It is a good idea to back up the data and redo log entries from the data and log areas of your database instance to data carriers on a regular basis.
If the database instance breaks down due to a hardware defect or a logical error, you can restore the database instance to a consistent state by importing the data and log entries that have been saved in the backups.
If you have a lot of data to import, restoring the database instance can take a long time. Because restoring is done in the ADMIN operational state, the database instance is not available while the restore is ongoing. For information about how to make the database instance available for users more quickly, see the Replication and High Availability section.
You use the Database Manager for backing up and restoring. The Database Manager supports the use of backup tools from other providers.
1. You make a plan of when you want to perform which backups.
We recommend that you test backing up and restoring on a test computer before starting your production system.
2. You define backup templates.
3. You back up the data and redo log entries regularly during normal database operation.

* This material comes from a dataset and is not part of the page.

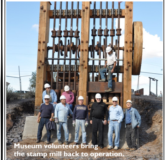
Museum volunteers bring the stamp mill back to operation.

Backups can be done in the ONLINE operational state, so the database instance is available for users during the backup.
You can use the Database Manager to back up to data carriers on a remote computer, and use these backups to restore a database instance, see Backing Up and Restoring Data with Remote Computers.
You can use the backups you created on the Microsoft Windows operating system on UNIX and Linux operating systems, and vice versa.
Data exported with the Loader database tool is not a data backup. The data may not be consistent and is not suitable for restoring a database instance.
4. Check if the database instance carried out the backup successfully.
5. You can use data carriers of the type file for log backups. You should archive the backup files that result from these log backups at regular intervals.
6. Using data and log backups, you can restore the database instance after a system breakdown.